• [WHAT IS BEING ASKED]:
Nothing but a number is wanted: the count of lines in the records below that include "Figure".

• [INPUT DATA]:
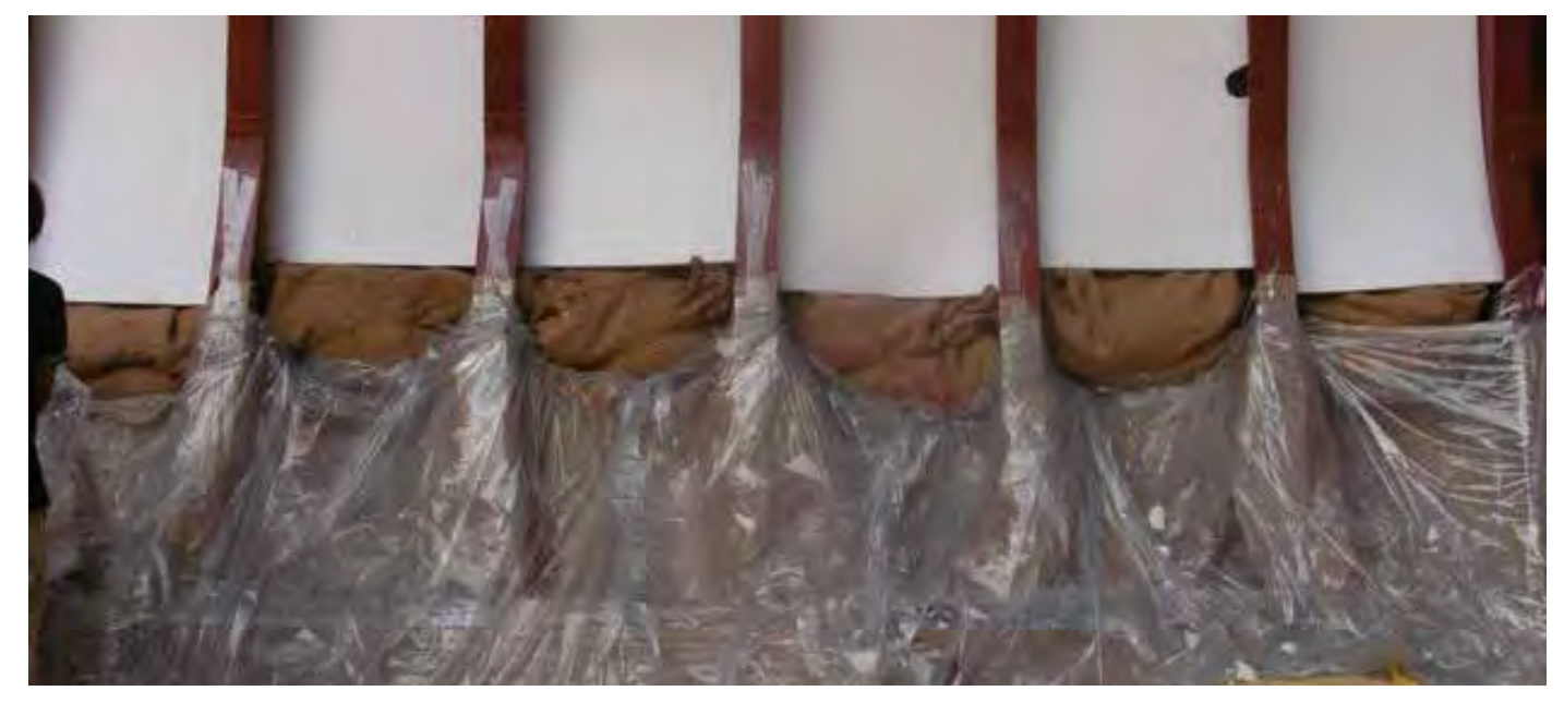
Figure 3.18 | Saw dust in burlap bags is inserted at transition point between sideshell and the top of the hopper tank.
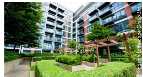
Residential courtyard with large trees and dense hedging and a wooden pergola.
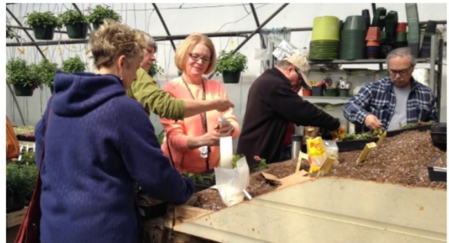
Aspiring gardeners learning to start seeds at a Feed Fannin class

Classes will be advertised in the local papers and posted on the Feed Fannin website at FeedFannin.com . Come and learn with us! 🌱
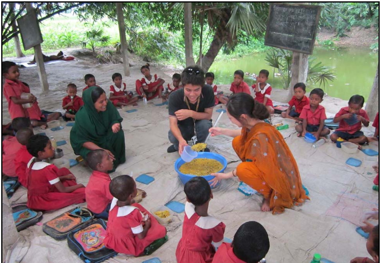
JICA engineers distributing Tiffin to the children...
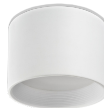
PIEDRA SURFACE WHITE

LED [CR] 12W 3000K - 1080lm / 5700K-1170 S D130 x H100 mm
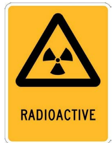
Fig 4 Storage cabinet
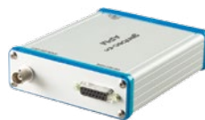
APM Analog Power Supply (Model Number: 201848)
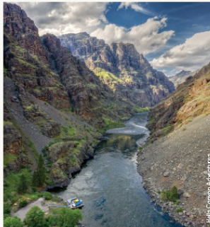
Hells Canyon Adventures

Love wine tasting, hate driving? Wine de Roads offers a unique spin on wine touring, helping travelers cycle at a leisurely pace between tasting rooms in the world-famous Willamette Valley. Groups typically stop in for a tasting at three wineries, tour the vineyards, learn about Oregon's wine culture and soak up the idyllic views between stops. Tours are offered spring through fall.
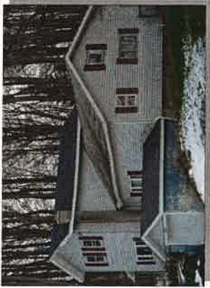
065200 359.06-3-5 10341 Main St
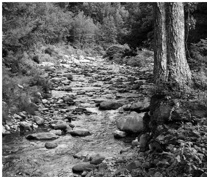
Typical New England brook in western uplands, Sherman, CT.

Share a Room/Share a Ride: Use the GSA Meetings Bulletin Board to connect with colleagues & friends, to find roommates & rides, and to arrange get-togethers. The service is free, but you must sign in to use it. Log on at http://rock.geosociety.org/forumstudenttravel/ .
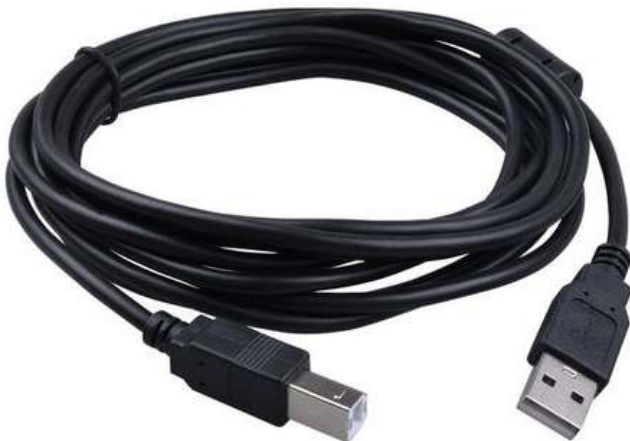
Figure 2.2 USB “printer” Cable for Programming all Freedom LiTE models produced after May 2020

The ON button [11] and OFF button [12] are located beside the SoC display.

• [EXERCISE RESPONSE]:
2